About the IUCN Red List:
The early beginnings of The IUCN Red List started in the 1950s with an index card system that was used to file data on endangered mammals and birds. In the early 1960s the index card was transformed into a two-volume set of data sheets. They were then presented in loose-leaf paper format within red binders and these drafts were not available for the general public. In 1964 the first comprehensive list of threatened mammals and birds was accumulated and published – permitting public access to the data. In 2000, The IUCN Red List was free supported by the internet, this was enabling broader access to figures and permitting for regular updates.
The IUCN Red List is the world’s most all-inclusive information source on the global conservation status of animal, fungi and plant species and their links to their niche within wildlife. For each evaluated species, The IUCN Red List provides information on population size and trends; topographical range and habitat requirements. To date more than 76,000 species have been assessed with more than 22,000 at risk of extinction. The IUCN Red List goal is to rise the number of species evaluated from the current count to at least 160,000 by 2020, improving the taxonomic coverage.
About the CITES Treaty:
CITES (the Convention on International Trade in Endangered Species of Wild Fauna and Flora) is an international agreement between governments. Its aim is to ensure that international trade in specimens of wild animals and plants does not threaten their survival. When the ideas for CITES were first formed, in the 1960s, international debate of the guidelines of wildlife trade for conservation resolutions was something reasonably new.

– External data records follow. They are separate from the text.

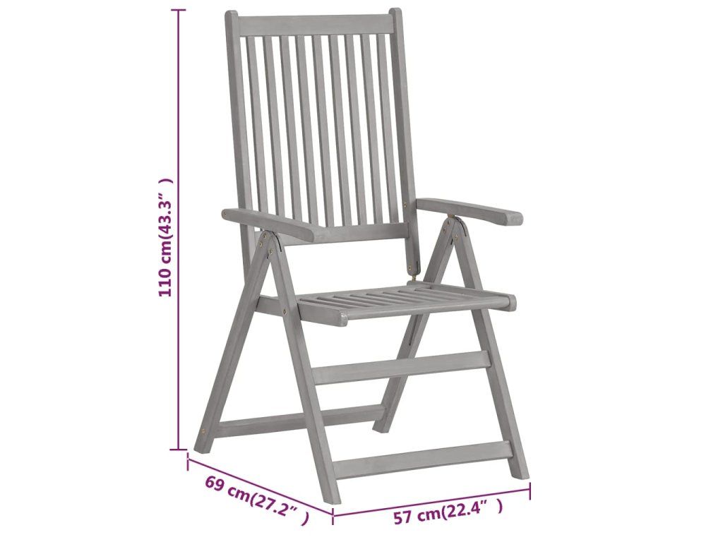 Naša sada stoličiek je vyrobená z masívneho akáciového dreva a má ošúchaný sivý povrch. Drevo je odolné voči UV žiarenie a poveternostným vplyvom, takže zabezpečí dlhé roky používanie. Operadlo stoličky sa dá nastaviť do 5 pozícií, takže si vždy nájdete tú najpohodlnejšiu polohu. Ľahký dizajn uľahčuje presúvanie stoličiek po dome. Okrem toho sa dá stolička sklopiť, aby sa ušetril priestor, keď sa nepoužíva.
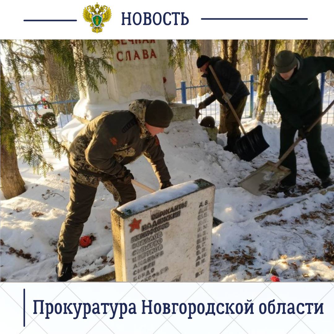 Старорусская и Холмская межрайонные прокуратуры в рамках патриотического воспитания и в преддверии Дня защитника Отечества провели работы по благоустройству воинских захоронений.
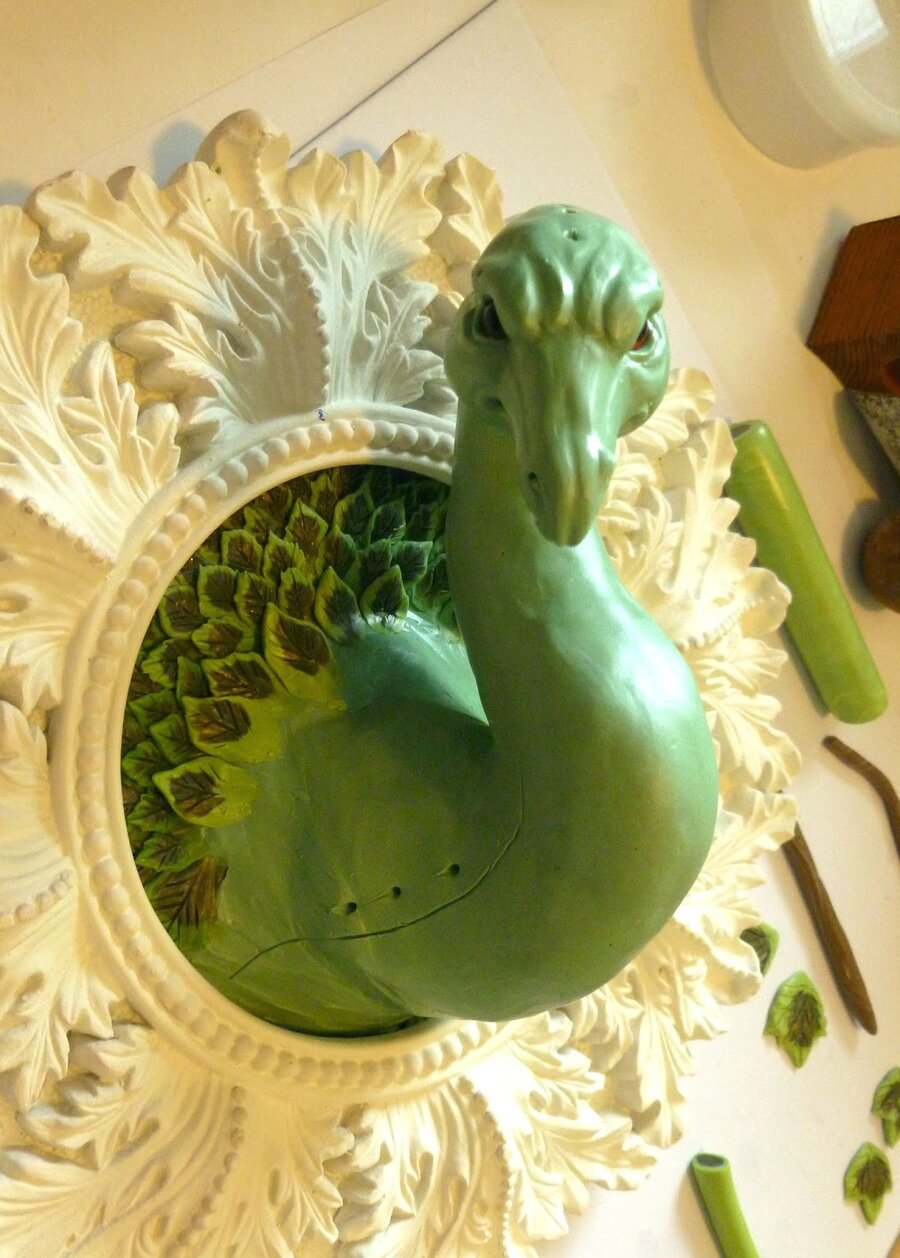 The dragon is attached to the frame back with craft wire and liquid Sculpey, useful material for any sculptor. It works like glue you can bake.
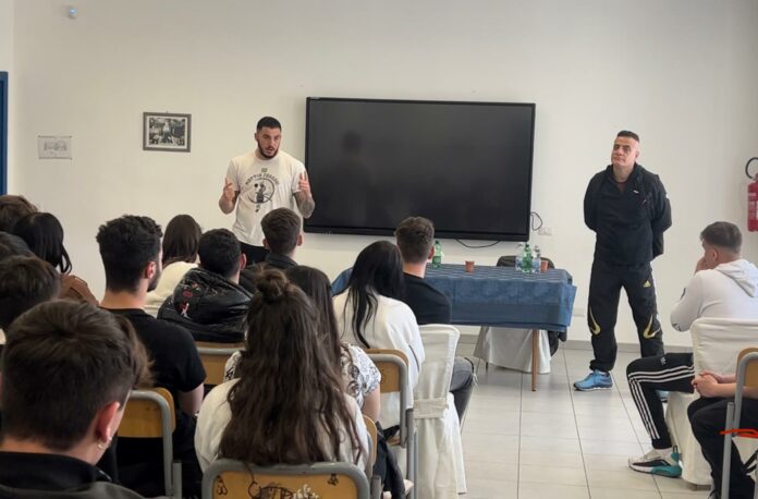 Lui è Mattia Faraoni, classe 1991, kickboxer e pugile italiano Medaglia di bronzo ai Mondiali e agli Europei di WAKO, attuale Campione mondiale kickboxing ISKA (International Sport Kickboxing Association). Si tratta, per i non esperti del settore, del famoso sport da combattimento che combina tecniche di pugilato provenienti dal karate e dalla boxe thailandese. Accanto a Mattia, dall’altra parte della cattedra, c’è Simone Cicalone, romano anch’egli, una Laurea in Cinema all’Università degli Studi “La Sapienza”, appassionato di arti marziali, youtuber ormai notissimo, straordinario narratore delle periferie della Capitale, ma non solo. L’aula è quella, familiare per il pubblico degli astanti, in cui normalmente si svolgono le tradizionali lezioni di Matematica, Inglese, Letteratura, Storia, Diritto, Scienze dell’Alimentazione, Accoglienza turistica, Pasticceria.
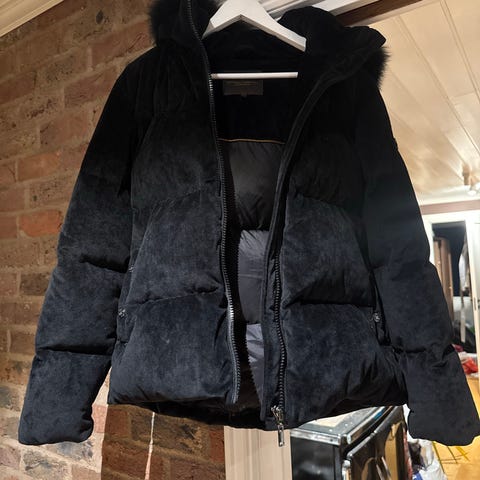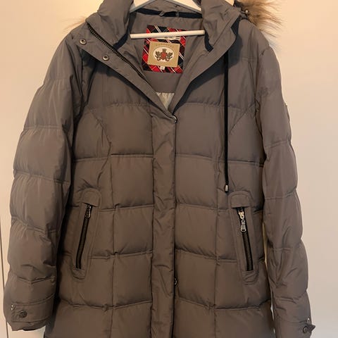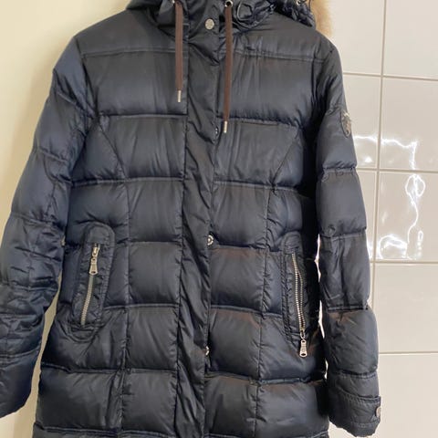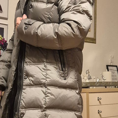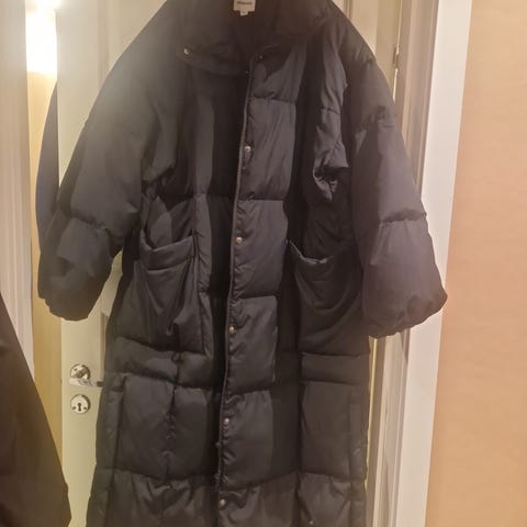 Kåpen/jakken rekker til knærene.Har 3 lommer.Former seg etter kroppen.Ser fin ut på🙂Utrolig behagelig på og varmer godt.Den har også hette. Dessverre passer dem meg ikke lenger og derfor selger jeg den.
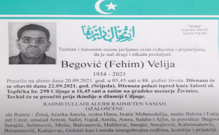 Velija Begović, otac Ramiza Zmaja preminuo je jutros u Živinicama. Ovu tužnu vijest objavio je njegov sin Ramiz Zmaj na svom YouTube kanalu.
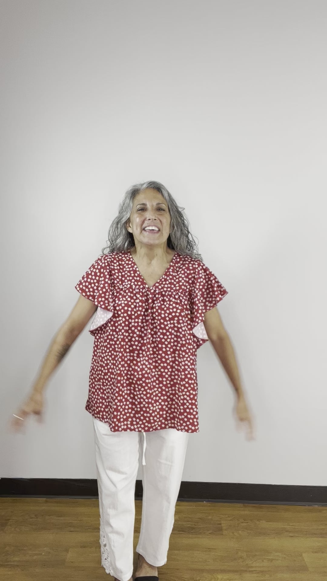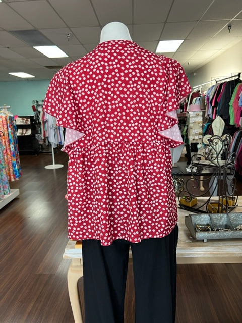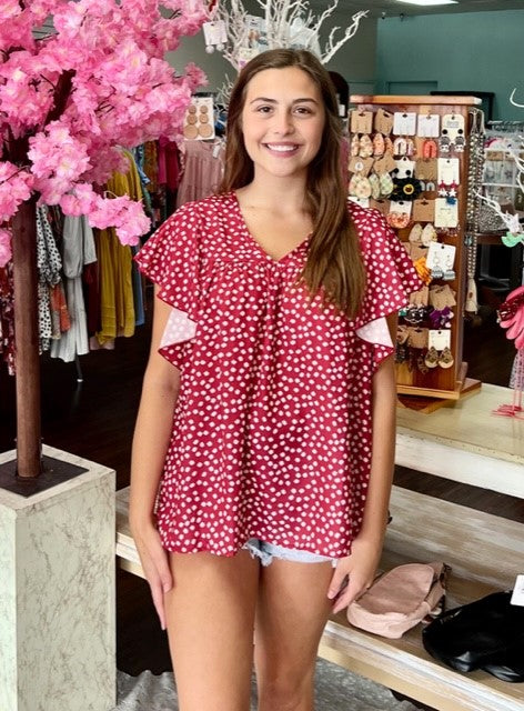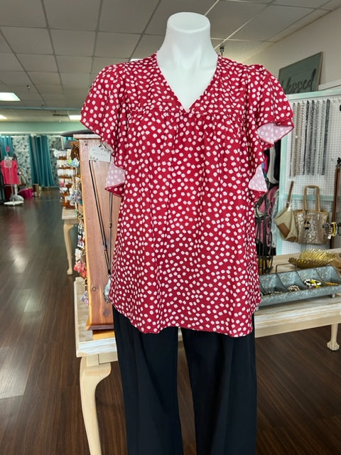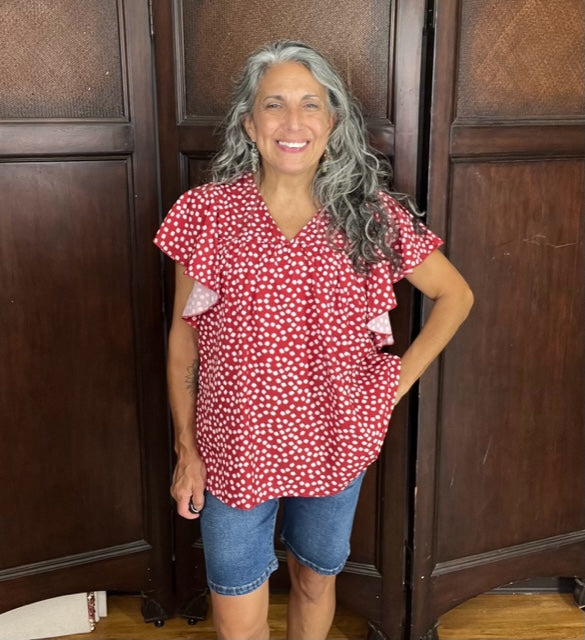 Exquisite Ditzy Floral Print Shift Top Featuring V-Neckline & Short Ruffle Sleeves

Annually, international wildlife trade is estimated to be worth billions of dollars and to include hundreds of millions of plant and animal specimens. The trade is diverse, ranging from live animals and plants to a vast array of wildlife products derived from them, including food products, exotic leather goods, wooden musical instruments, timber, and medicines. Levels of mistreatment of some animal and plant species are in elevation with trade, together with other factors, such as habitat loss, is capable of seriously depleting their populations and even bringing some species close to extinction. Many wildlife species in trade are not endangered, but the presence of a treaty to ensure the sustainability of the trade is important in order to safeguard these resources for the future.
A species covered as an endangered species in the IUCN Red List is the African Penguin, Spheniscus demersus. It is confined to southern African waters and breeds at 25 islands and four mainland sites in Namibia and South Africa. This species of penguin is undergoing a very fast population decline, which led to its up listing to Endangered in 2010, this is largely attributed to food scarcities due to commercial fishing and environmental instabilities. Other threats consist of: egg collection, oil spills, competition with Cape Fur Seals, for food and displacement from breeding sites, mortality from fishing nets and predation by sharks, Kelp Gulls, and feral cats.
I found the IUCN website to be very helpful and educational in many aspects. The site was easy to navigate and extremely organized. The IUCN organization makes it really comprehensible to recognize their mission, and how you as the reader can make a difference in helping an actual endangered species, not just recognizing the flagship endangered species that the commercials portray.